Development versions: Github Actions Dev melodic Dev noetic

Release jobs Melodic Melodic version: Bin melodic-amd64 Bin melodic-arm64 Bin melodic-armhf

Release jobs Noetic Noetic version: Bin noetic focal-amd64 Bin noetic focal-arm64 Bin noetic focal-armhf

Basic Operation

filters::FilterBase API

The basic workings of this filter are done via the filters::FilterBase API implemented for sensor_msgs::LaserScan and sensor_msgs::PointCloud2 types. This means you can load this filter into a FilterChain along other filters as usual.
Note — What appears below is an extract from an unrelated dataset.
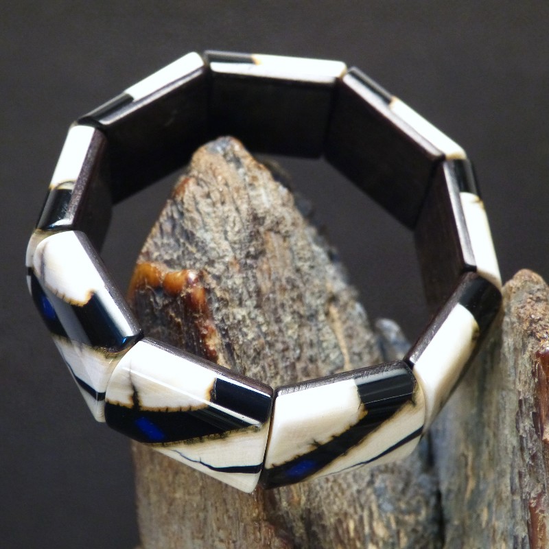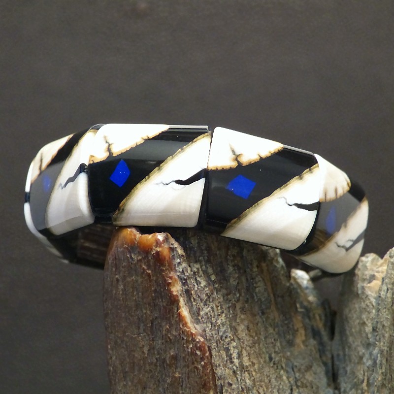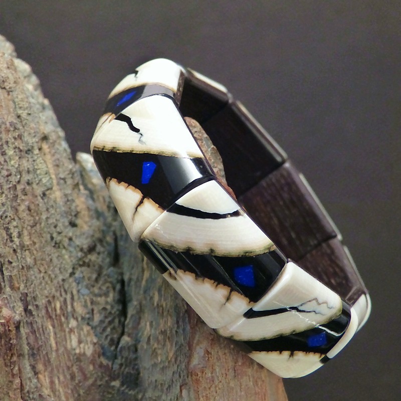 Stark strukturiertes Armband mit ca. 20 mm Breite, gefertigt aus cremefarbenem und hellem Mammut-Elfenbein mit bräunlicher Rindenfärbung. Als Intarsie wurde in jedes Glied ein kleiner rekonstruierte Lapislazuli eingearbeitet. Die einzelnen Glieder sind flexibel auf 2-reihigem Gummi gefasst und ergeben mit der abgerundeten Oberfläche einen sehr guten Tragekomfort. Das Band ist geeigent für einen Armumfang von ca. 16 bis ca. 17cm.

Different from the standard filters, this one can also publish several interesting topics and subscribes to TF.

General overview

This filter reads robot model and the filter config, subscribes to TF, waits for data (laserscans or point clouds) and then cleans them from various artifacts (this is called data filtering).

It can perform 3 kinds of data filters: clip the data based on the provided sensor limits (parameter filter/do_clipping), remove points that are inside or on the surface of the robot body (parameter filter/do_contains_test) and remove points that are seen through a part of the robot body (parameter filter/do_shadow_test). These kinds of tests are further referenced as "clipping", "contains test" and "shadow test".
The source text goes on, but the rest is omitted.